In 2015, he began the arduous work of creating a mouse model that could shed light on how DSCAM drives axon overgrowth in mammals, and whether it could be involved in Down syndrome and other neurological conditions.

When they analyzed the neurons of mice that had three copies of DSCAM, they found the same axonal overgrowth they observed in flies. But they also saw something new that explained how the axons were impairing neuronal function.

In mice, the overgrowth was taking place specifically on inhibitory neurons in the cerebral cortex — neurons that suppress activity in other neurons.

“When these neurons have increased synapses with another neuron, they actually have a dampening or quieting effect,” Ye says. “And we found not only increased axon growth, but also increased synapses with other neurons in the part of the brain that controls things like cognition and behavior.”

The team discovered that restoring DSCAM to normal levels reversed this effect. In mice that had only two copies of the DSCAM gene, but three copies of the other genes that are equivalent to human chromosome 21 genes, axon growth was normal.

This extensive project demonstrates the power of model organisms to provide new insights into human disease, Ye says: A basic science question tested in flies led to the discovery of the underlying genetic cause behind one characteristic of Down syndrome.

“Without the clear evidence we already had from Drosophila, we wouldn’t have known to test DSCAM effects in mice, and we wouldn’t have known to look at the axons. The fly work is what pointed us in the right direction,” he says.

It’s a model the Ye lab plans to replicate with more Down syndrome-related genes.
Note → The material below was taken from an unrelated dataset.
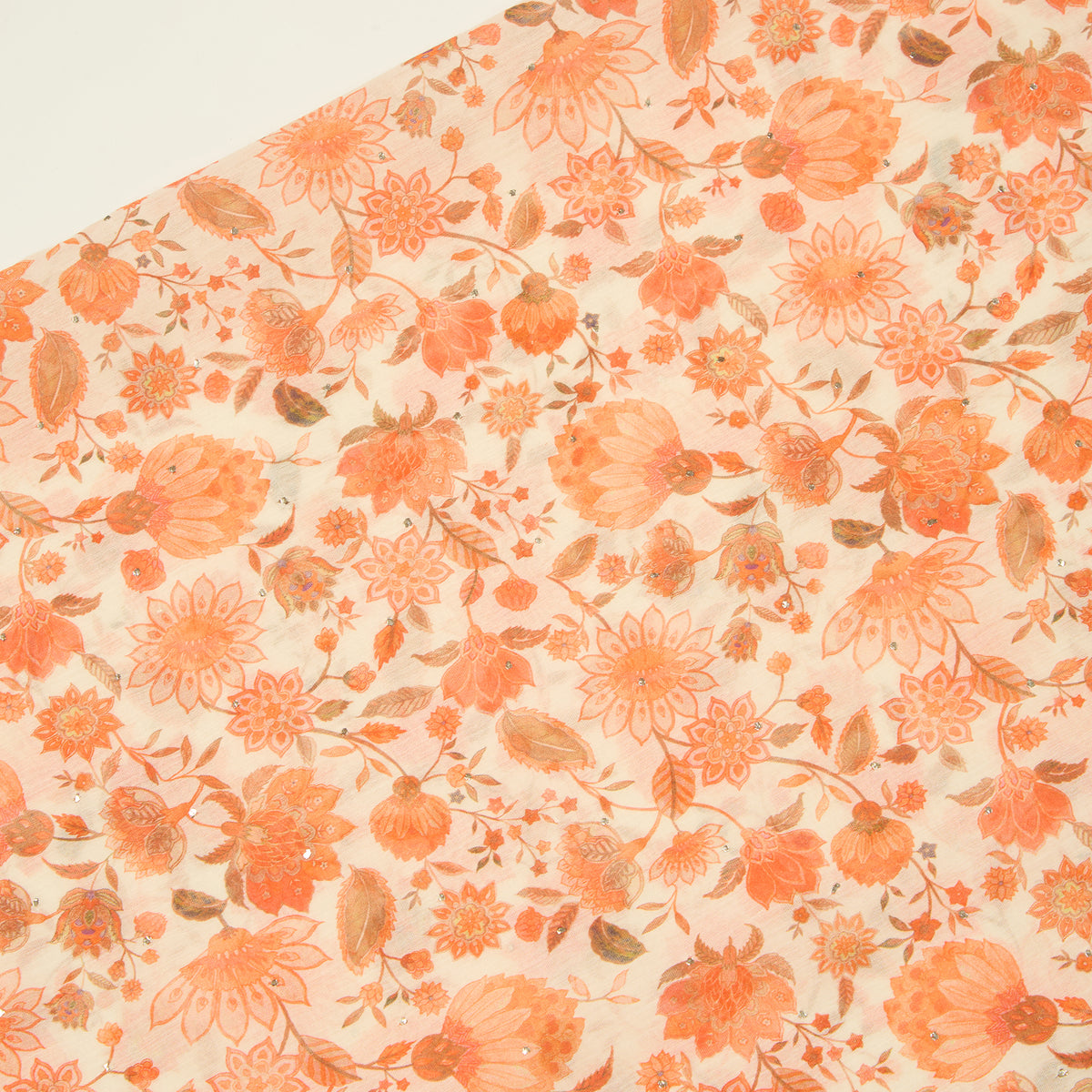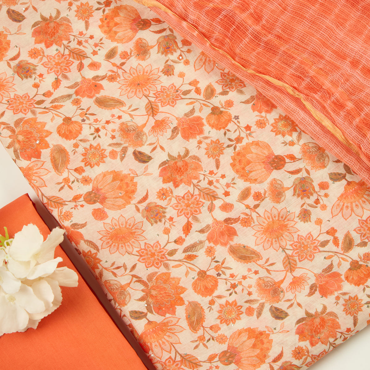 Enhance your festive look with this Coral Chanderi Printed Suit featuring subtle Badla highlights and a beautifully woven tie-dye Chanderi dupatta.

When scientists know or even suspect which gene leads to a single-gene disease in humans, they can turn to animal models to identify the exact cellular mechanisms that the gene affects to uncover potential targets for treatment.
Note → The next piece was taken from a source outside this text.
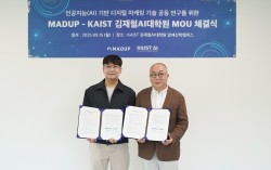 (왼쪽부터) 이주민 매드업 대표, 정송 KAIST 김재철AI대학원 대학원장 AI 마케팅 컴퍼니 매드업(대표 이주민, 이동호)이 지난 15일 AI 연구 기관인 KAIST 김재철AI대학원(약칭 ‘KAIST AI’, 대학원장 정송)과 인공지능(AI) 기반 디지…
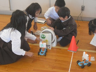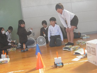 3年生が風の力で動く車の実験をしていました。体育館で各班ごとにサーキュレ-ターを使って車を動かし、メジャーで何メートル進むか測っていました。

“But approaches that are useful for studying single- gene diseases are not applicable to Down syndrome,” Ye explains. “There are over 200 functional genes on chromosome 21, and there is a long list of medical conditions associated with the syndrome. Our major challenge is figuring out which genes on chromosome 21 cause which medical conditions.”

In 2018, while still pursing the DSCAM research in mice, Ye returned to flies to tackle this challenge. With an award from the LSI’s Klatskin-Sutker Discovery Fund, he is assembling a legion of genetically modified fruit flies to begin matching individual genes to specific characteristics of Down syndrome. This philanthropic fund was established by a gift from the Klatskin and Sutker families to encourage this type of creative, early- stage research that has potential to have a positive impact on human health.

Because fruit flies have a very short life span, multiple generations can be created within a matter of weeks. And their well-mapped genome allows researchers to study the roles of specific genes, which leads to a better understanding of how those genes function in humans.

Starting with 60 genes expressed in the nervous system (Ye’s area of expertise), the Ye lab has created 60 different genetic lines of fruit flies — each over-expressing one gene found on chromosome 21. He has already uncovered one gene that interacts with DSCAM to cause changes in Drosophila neurons.

Ye hopes this project will point to more potential genetic culprits driving the various symptoms associated with Down syndrome in humans.